Yadayn – Adem

(Navalorama Records, 2017)

Chances are you’ve heard me talk about Yadayn before, the recording moniker of Belgian artist Gowaart van den Bossche, whether it was his debut album Vloed or its follow-up Pendel. What ostensibly is a framework that needs a lot of vision and imagination to sustain success—the baseline of a single, plucked acoustic guitar—becomes a foundation of sheer tensile strength in the hands of Yadayn, who wields his instrument like the gentlest weapon aimed straight at the hearts of human beings the world over. If Woody Guthrie’s guitar killed fascists (oh Woody, where are you and your acerbic wit now?), Yadayn’s kills the passive zombies we’ve all become, lining us all up and mowing us down with the genuine sensation of shared existence.

Adem means “breath” in Dutch, and it is as close to a lowest common denominator that we all have going for us. We all take oxygen into our lungs, we all expel out carbon dioxide. It nourishes our blood and allows us to continue living.
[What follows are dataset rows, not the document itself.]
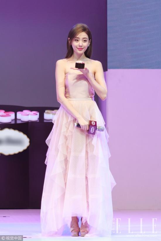 张天爱这条粉色抹胸裙大走优雅路线,自腰部展开的荷叶边层层落下营造出层次感。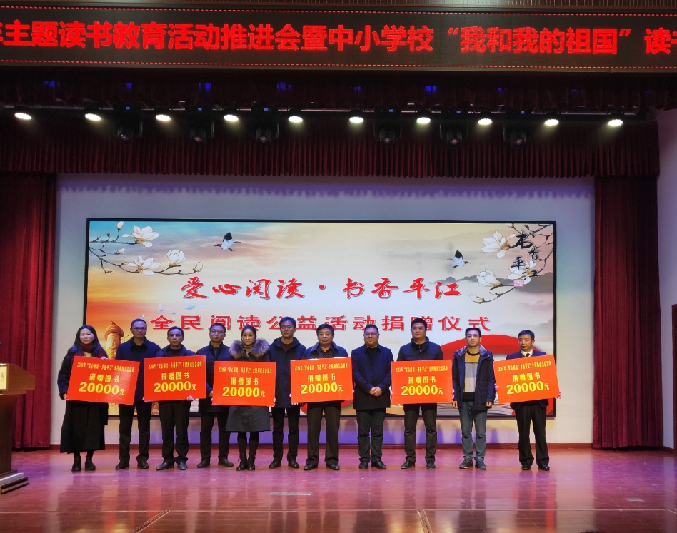 活动还宣读了表彰通报,对获奖单位和个人进行了表彰奖励。并举行了“爱心阅读·书香平江”公益捐赠仪式。安定镇农家书屋和平江七中等5所学校,共获得总额12万元的图书捐赠。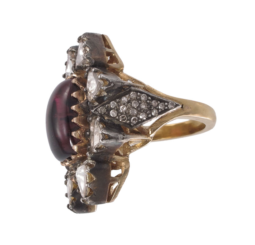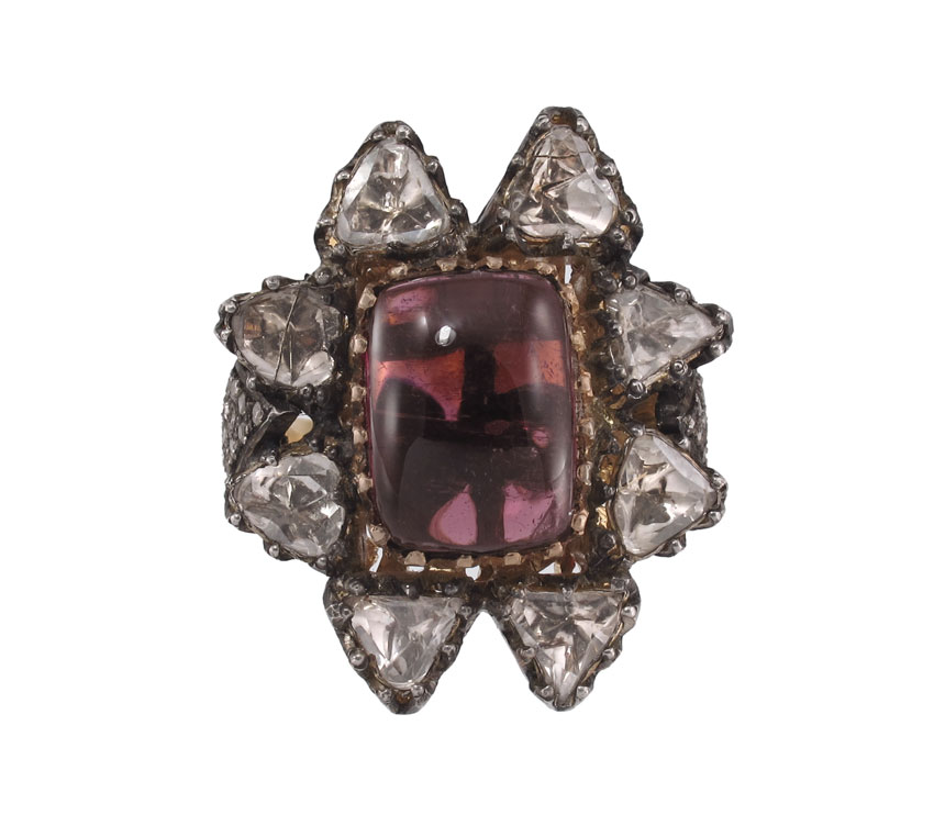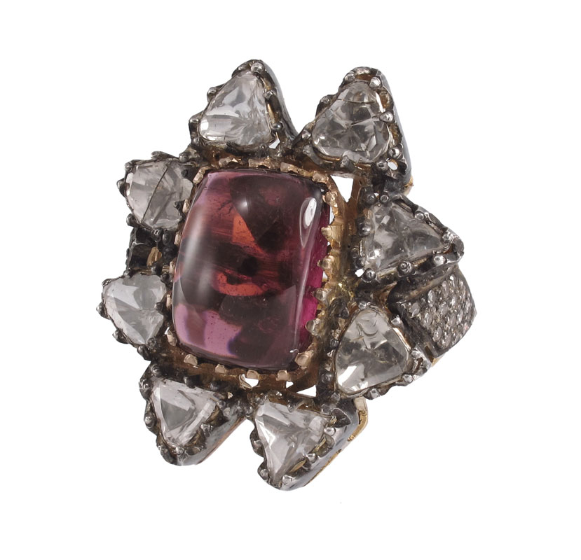 8.60 CT TOURMALINE AND DIAMOND RING: 14K yellow gold and sterling ring centers an approx. 8.60 CT rectangular shaped tourmaline, rated VS in clarity. The tourmaline is framed by 8 triangle shaped diamond tablets (1 cracked) and 34 pave' set round single cut diamonds, approx. 1.75 Ct. The diamonds average SI in clarity and Top Light Brown in color. The tourmaline is prong set. diamond tablets are prong and bezel set. Foil lined cups are beneath the tablets. Size 8.5/ Weight 15.8 grams. Sold with current Florida Diamond Appraisers GIA graduates appraisal for $3,750.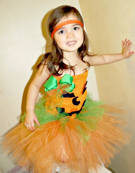 My [almost 3 years old] daughter decided she wanted to be a pumpkin this year. I expected her to want to be a princess or dragon of some sort - so her request was a shock to me. :] I love that she's able to speak her mind & she LOVES her new costume!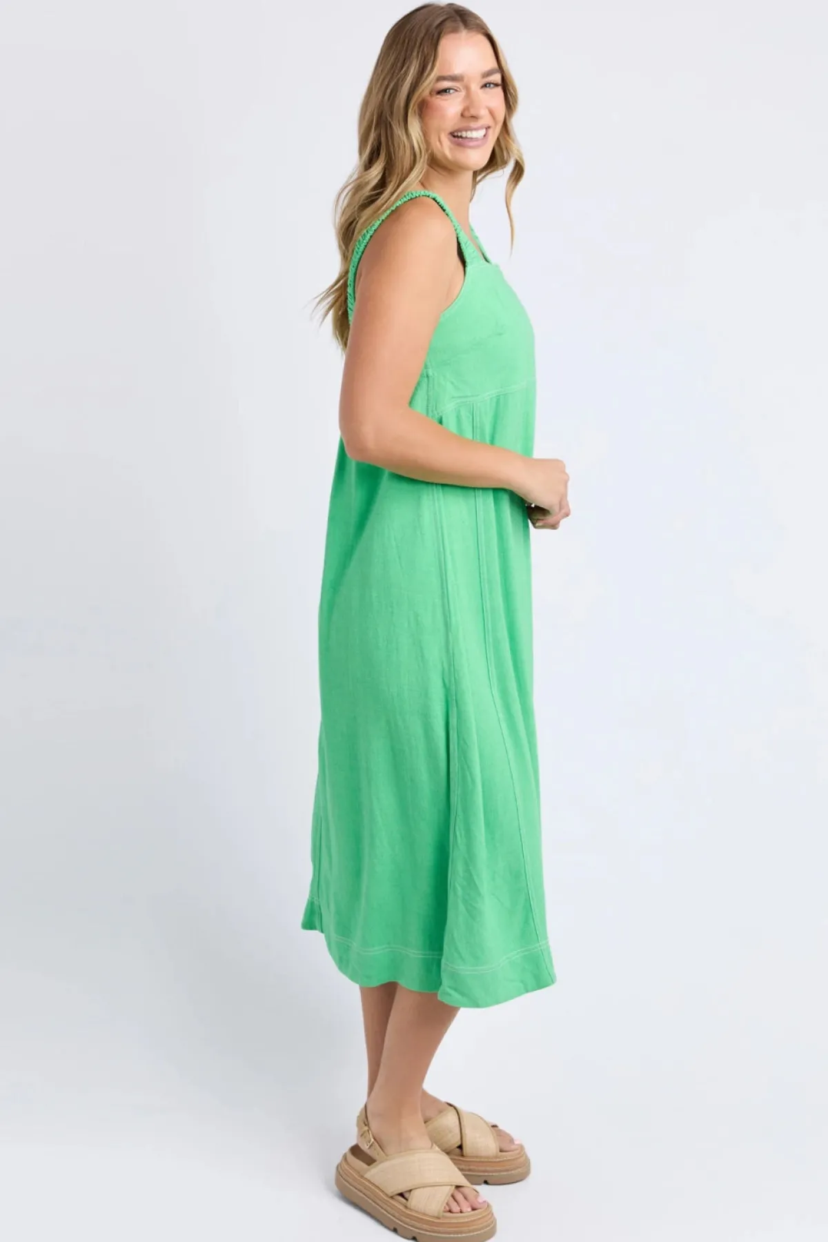 A cool and classic wardrobe staple perfect for both casual and polished looks. Crafted from a breathable linen-lyocell blend, this midi dress offers a flattering A-line silhouette that flows effortlessly. The wide elastic straps provide comfort and bra-friendly coverage, while the contrast stitching adds a touch of style. Its deep sapphire hue is timeless, making it easy to transition from day to night with minimal effort.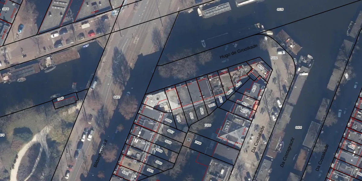 Hugo de Grootkade 13-2 is gelegen op kadastraal perceel ASD13Q5053. Deze kadastrale aanduiding is uniek en wordt gebruikt door het Kadaster om eigendomsrechten en andere zakelijke rechten vast te leggen. Het perceel maakt onderdeel uit van de kadastrale gemeente Amsterdam.

It’s an involuntary function, something the brain sets on autopilot at birth while it tends to more pressing cognitive matters. Yadayn plays his guitar like he breathes – naturally, without pretense, as an extension of his unconscious mind, fingers floating over the strings like a breeze, the melodies teased as natural and organic as birdsong.

And Adem begins there but blossoms into majestic and intricate storylines, each note a particular incarnation of the artist’s inner monologue. Yadayn imbues his music with as much hope as pathos, and it’s through this dichotomy that we’re able to truly comprehend the bittersweet intentions of it all. And the additional elements Yadayn has added to Adem – sustained feedback ending “Zee,” spoken voices and non-guitar instrumentation on “Ruimte” (as minimally post rock as you can get), extra guitar at the end of fifteen-minute masterpiece “Tijd” – only serve to punctuate the core feature of Yadayn’s music: the single acoustic guitar. It’s folk music for classical fans, and it’s unafraid to wear its feelings on its (record) sleeve. Adem is as comforting as it is magnificent, and it goes straight for the proverbial jugular of human emotion. We should be used to this from Yadayn by now, but it sounds new every time.